* **INFORMATION**:

********

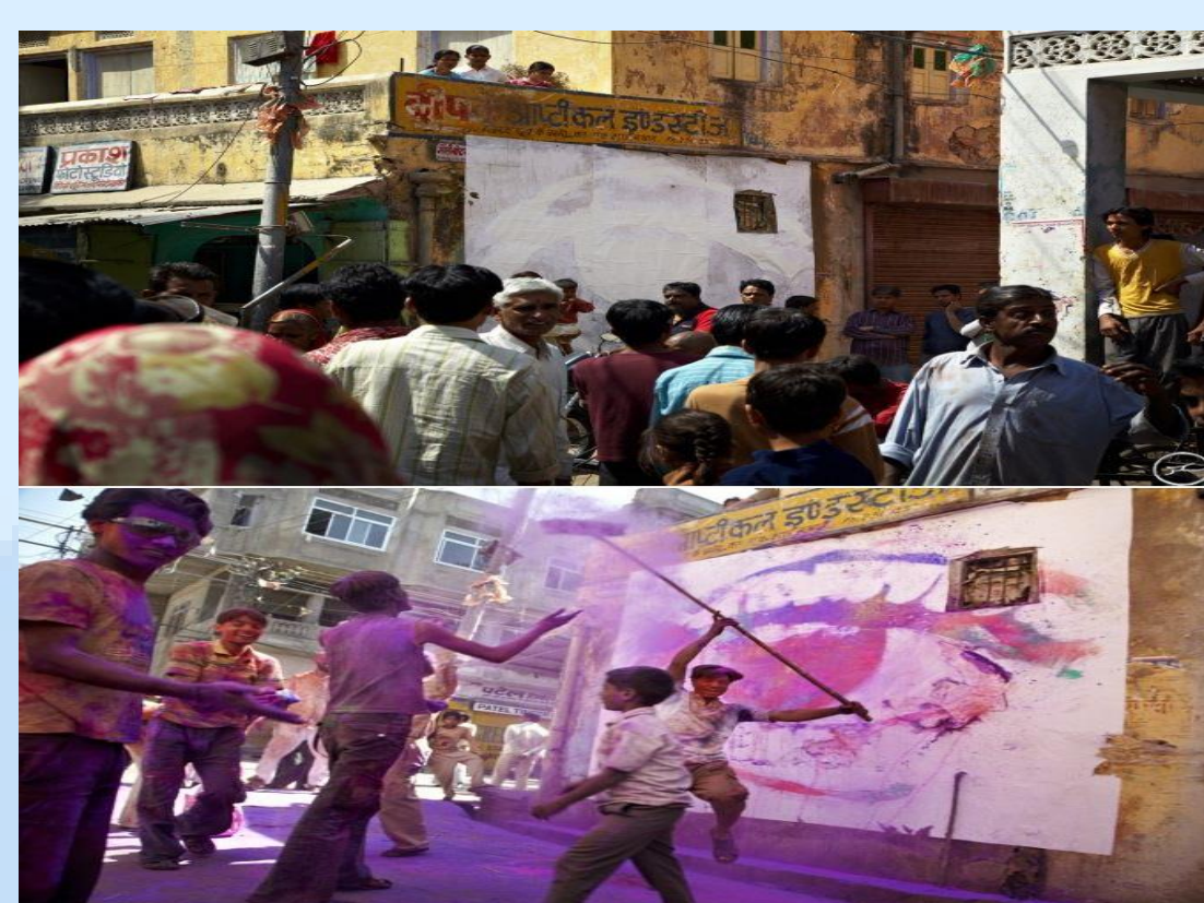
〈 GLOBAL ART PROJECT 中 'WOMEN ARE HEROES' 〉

********

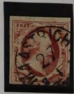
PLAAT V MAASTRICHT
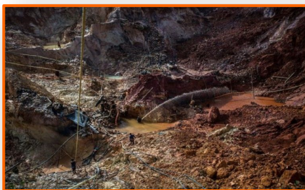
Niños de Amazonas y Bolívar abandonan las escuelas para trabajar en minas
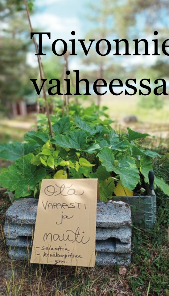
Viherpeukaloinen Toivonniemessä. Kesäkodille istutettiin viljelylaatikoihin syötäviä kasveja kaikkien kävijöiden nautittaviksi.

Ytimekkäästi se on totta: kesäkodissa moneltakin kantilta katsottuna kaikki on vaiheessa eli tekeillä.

********

* **TASK PROMPT**: Among the lines above, find the one with "Viherpeukaloinen Toivonniemessä. Kesäkodille" and the one with "Ytimekkäästi se on". Quote both and everything between them, exactly.

* **THE COMPLETED TASK**:
Viherpeukaloinen Toivonniemessä. Kesäkodille istutettiin viljelylaatikoihin syötäviä kasveja kaikkien kävijöiden nautittaviksi.

Ytimekkäästi se on totta: kesäkodissa moneltakin kantilta katsottuna kaikki on vaiheessa eli tekeillä.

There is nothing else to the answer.